Clinical evaluation in patients
The results of a Phase I study in which KAND567 was administered orally to healthy volunteers show a favorable safety profile at dose levels that are considered sufficient to achieve pharmacological effect. The few side effects that were observed, nausea and liver effects, disappeared after treatment was completed. An analysis of biomarkers during the Phase I study also shows that KAND567 has an effect on the Fractalkine receptor in precisely those types of immune cells which in the British study were assumed to cause heart damage.
In 2019, Kancera plans to carry out a complementary Phase I study to determine an appropriate dose level for the intravenous dosage form of KAND567. In parallel, a placebo-controlled and double-blind phase IIa study is being prepared for heart attack patients in Sweden and the UK for a possible start during the first half of 2020.

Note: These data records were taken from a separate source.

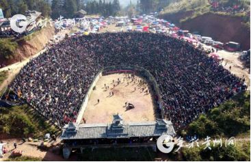 贵州省从江县第十五届原生态侗族大歌节的前一天,恰逢该县逢亥斗牛日,丙妹镇松学斗牛塘、谷坪乡四寨河斗牛塘同时举办传统牛王争霸赛,喜迎一年一度“侗族大歌节”的到来,共有来自周边村寨的80头水牯牛参战,斗牛活动场上名牛角逐,场面异彩纷呈,吸引数万名观众前来观战。
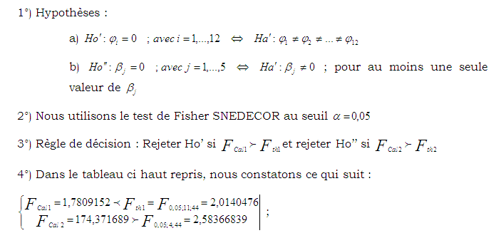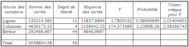 Ce test nous permet de vérifier si la composante saisonnière existe pour expliquer la variation dans le temps. Ce test est basé sur l’analyse de la variance à deux facteurs. Nous y allons du tableau ci-après :
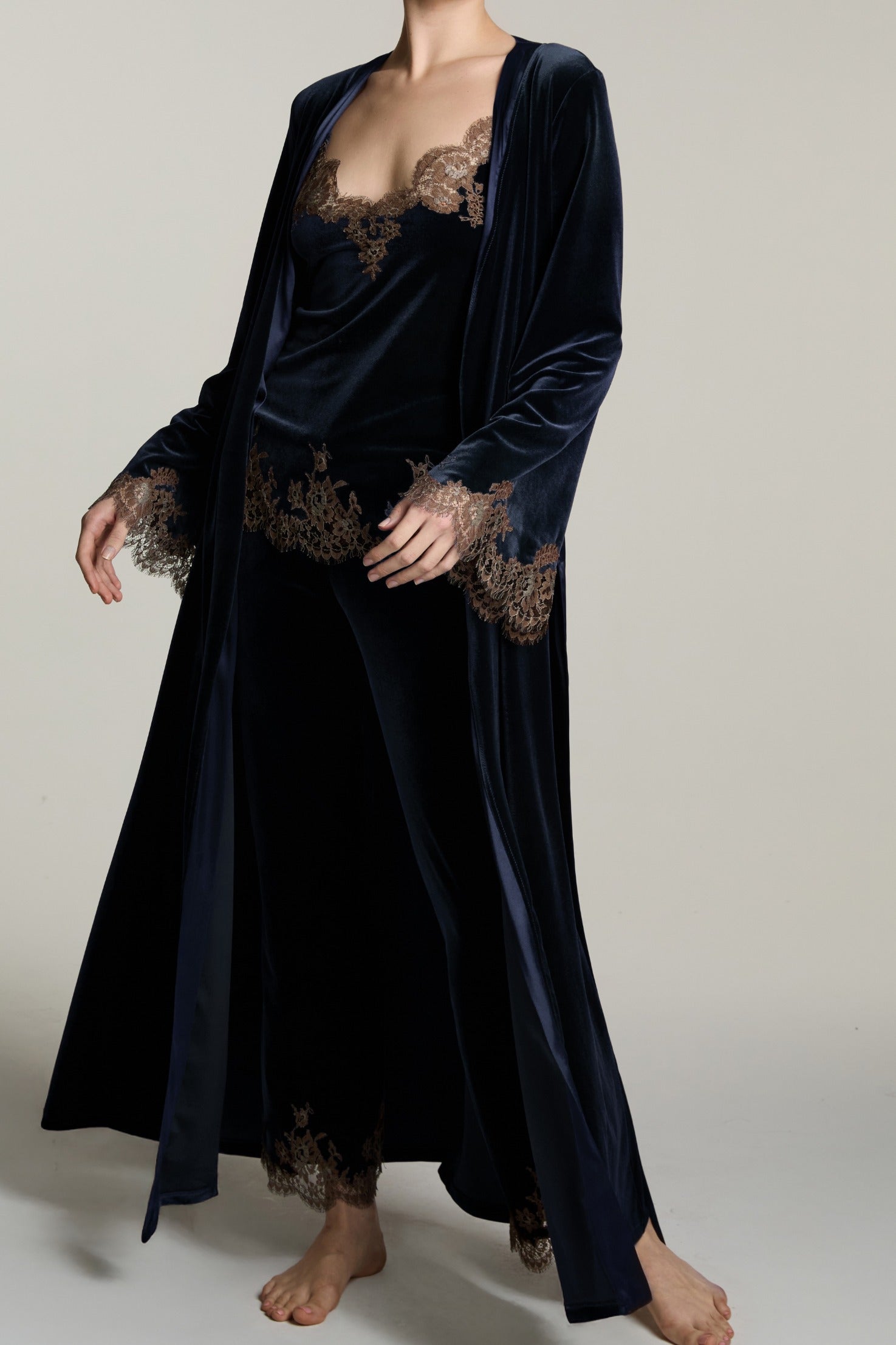• Velvet long robe with lace inserts

It is often demanding to carry out clinical studies in emergency care. Kancera therefore cooperates with clinicians who have extensive experience in drug trials in patients with acute heart disease. Primary efficacy measures will be safety and tolerability. In addition, markers for heart damage and cardiac function will be followed in the study. The results are expected to be available within 12 month of start of phase IIa.
The patent protection for Kancera’s Fractalkine blockers is based on three complementary patent families. The main patent for KAND567 was submitted in 2006 and is valid until 2030, including the extension that applies to marketed products. In 2018, Kancera applied for another two patents, partly for a second generation of blockers of the Fractalkine system and partly for an improved synthesis method for producing Kancera’s Fractalkine blockers. When the new patents are approved, they will apply until 2038.